• _Collection entries_:
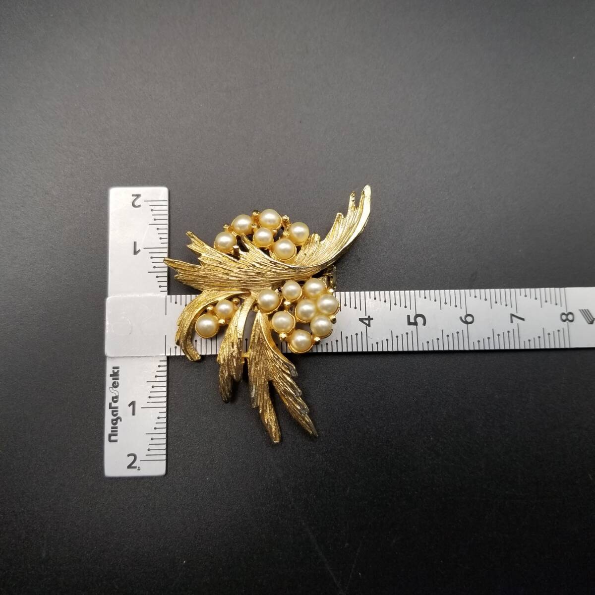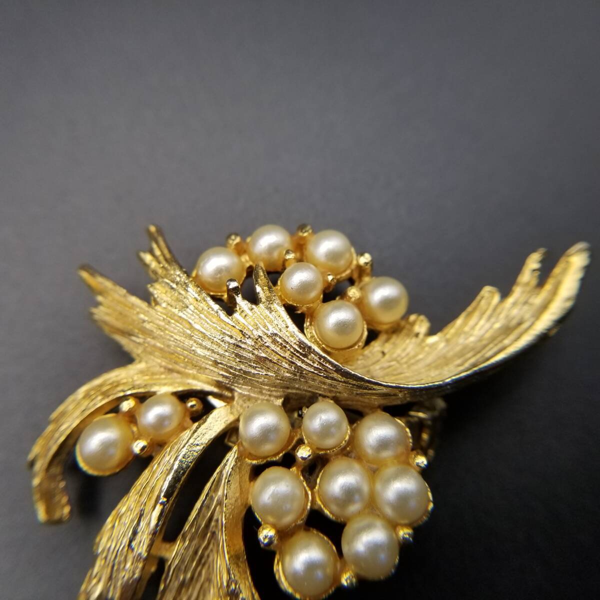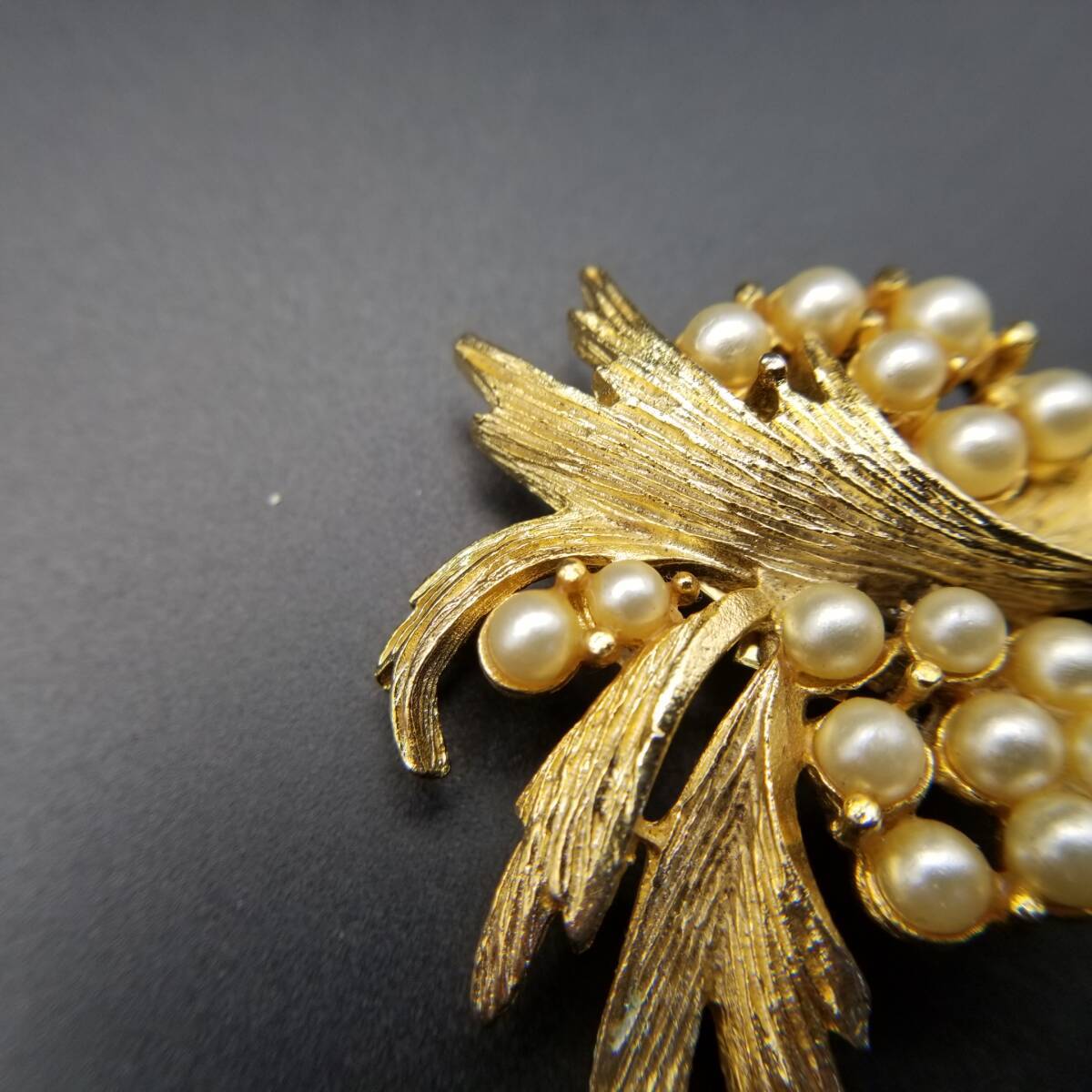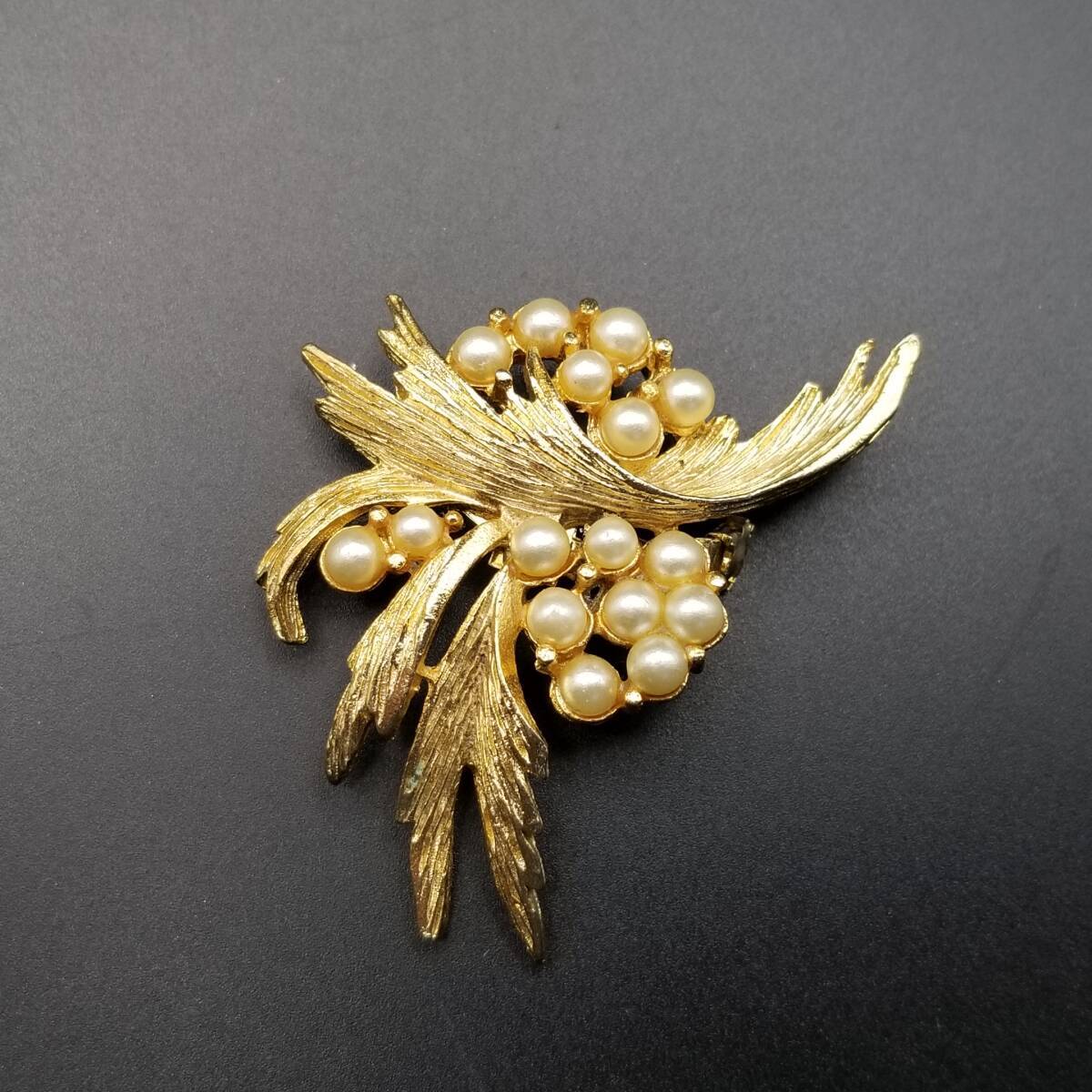 リーフ 植物 モチーフ ホワイト フェイク パール エレガント 上品 ゴールドトーン ヴィンテージ ブローチ ジュエリー 輸入 Y15-R
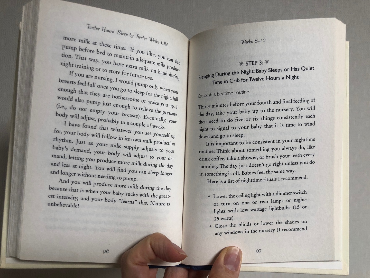 모든 아이들은 각자 다른 수면패턴을 갖고 있다. 어떤 아이는 12시간 자지만, 어떤 아이는 10시간 반 자고 깨버린다. 그러나, 아이는 반드시 아기 침대에 머물러야 한다. 아이는 하루를 시작하기 전까지 아기 침대에서 좋은 기분으로 혼자 즈릭고 있어야 한다. 다시 말해, 아이가 눈을 뜨자마자 소리 질러서 부모가 아이방으로 달려가서는 안된다.
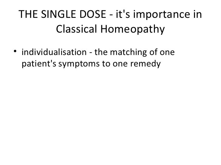 - 79. THE SINGLE DOSE - its importance in Classical Homeopathy• individualisation - the matching of one patients symptoms to one remedy
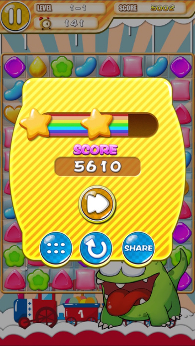Switch and match your way through many of levels in this delicious puzzle adventure. Tasty candy graphics that will leave you hungry for more. Complete adventurous levels and unlock treats Easy and fun to play, challenging to master.
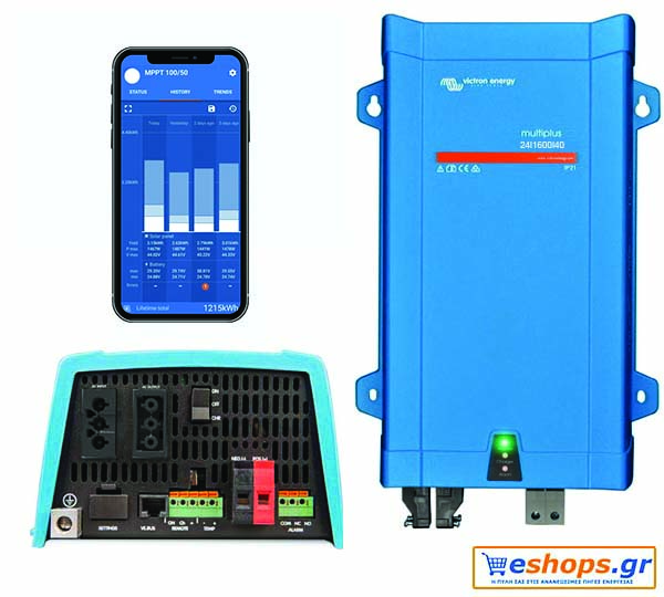 Victron MultiPlus 24/1600/40-16 μετατροπέας – inverter DC – AC καθαρού ημιτόνου με φορτιστή 40A DC και ρελέ μεταγωγής 16Α. O MultiPlus νέου τύπου σκοπό έχει να αντικαταστήσει την προηγούμενη σειρά MultiPlus Compact. Είναι ένα ισχυρό inverter καθαρού ημιτόνου και ένας εξεζητημένος φορτιστής μπαταριών με τεχνολογία προσαρμοζόμενης φόρτισης καθώς και ένας υψηλής ταχύτητας διακόπτης μεταφοράς εναλλασσόμενου ρεύματος, όλα σε ένα συμπαγές μεταλλικό πλαίσιο.
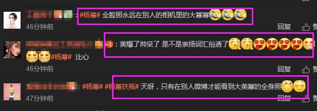 网友看照说:全脸照永远在别人的相机里的大幂幂,美爆了帅呆了,是不是表扬词汇俗透了。天呀,只有在别人微博才能看到大美幂的全身照!
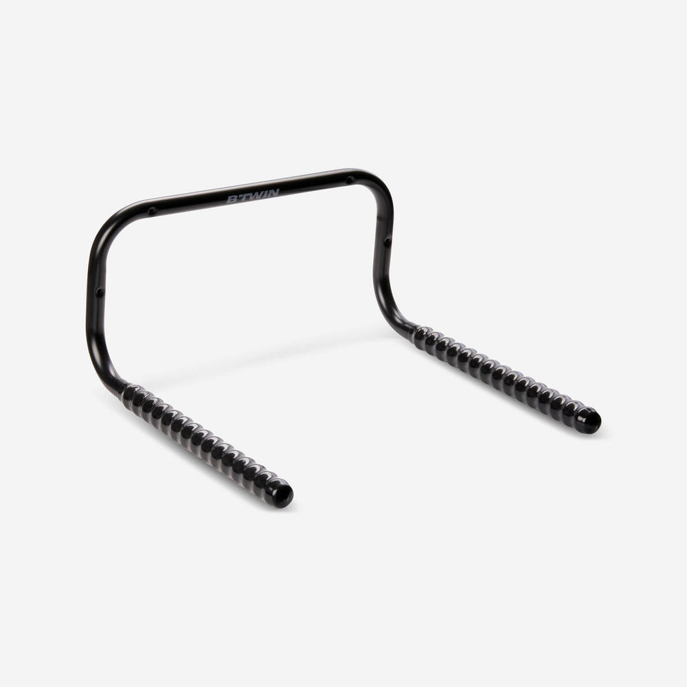 Este soporte de bicicleta tiene 4 agujeros que te permiten fijarlo a la pared. Para dejar el espacio necesario en la parte alta de la bicicleta (para la tija de sillín y el sillín, por ejemplo) y para no tener que levantar la bicicleta más de lo necesario, te aconsejamos que no fijes el soporte demasiado alto. Y no te olvides tampoco de dejar un espacio suficiente a los lados y debajo para que pasen las ruedas.

• _REQUIREMENT_: Each line above is to be copied exactly, and the pictures are to be dropped.

• _RESPONSE AREA_:
 リーフ 植物 モチーフ ホワイト フェイク パール エレガント 上品 ゴールドトーン ヴィンテージ ブローチ ジュエリー 輸入 Y15-R
 모든 아이들은 각자 다른 수면패턴을 갖고 있다. 어떤 아이는 12시간 자지만, 어떤 아이는 10시간 반 자고 깨버린다. 그러나, 아이는 반드시 아기 침대에 머물러야 한다. 아이는 하루를 시작하기 전까지 아기 침대에서 좋은 기분으로 혼자 즈릭고 있어야 한다. 다시 말해, 아이가 눈을 뜨자마자 소리 질러서 부모가 아이방으로 달려가서는 안된다.
 - 79. THE SINGLE DOSE - its importance in Classical Homeopathy• individualisation - the matching of one patients symptoms to one remedy
Switch and match your way through many of levels in this delicious puzzle adventure. Tasty candy graphics that will leave you hungry for more. Complete adventurous levels and unlock treats Easy and fun to play, challenging to master.
 Victron MultiPlus 24/1600/40-16 μετατροπέας – inverter DC – AC καθαρού ημιτόνου με φορτιστή 40A DC και ρελέ μεταγωγής 16Α. O MultiPlus νέου τύπου σκοπό έχει να αντικαταστήσει την προηγούμενη σειρά MultiPlus Compact. Είναι ένα ισχυρό inverter καθαρού ημιτόνου και ένας εξεζητημένος φορτιστής μπαταριών με τεχνολογία προσαρμοζόμενης φόρτισης καθώς και ένας υψηλής ταχύτητας διακόπτης μεταφοράς εναλλασσόμενου ρεύματος, όλα σε ένα συμπαγές μεταλλικό πλαίσιο.
 网友看照说:全脸照永远在别人的相机里的大幂幂,美爆了帅呆了,是不是表扬词汇俗透了。天呀,只有在别人微博才能看到大美幂的全身照!
 Este soporte de bicicleta tiene 4 agujeros que te permiten fijarlo a la pared. Para dejar el espacio necesario en la parte alta de la bicicleta (para la tija de sillín y el sillín, por ejemplo) y para no tener que levantar la bicicleta más de lo necesario, te aconsejamos que no fijes el soporte demasiado alto. Y no te olvides tampoco de dejar un espacio suficiente a los lados y debajo para que pasen las ruedas.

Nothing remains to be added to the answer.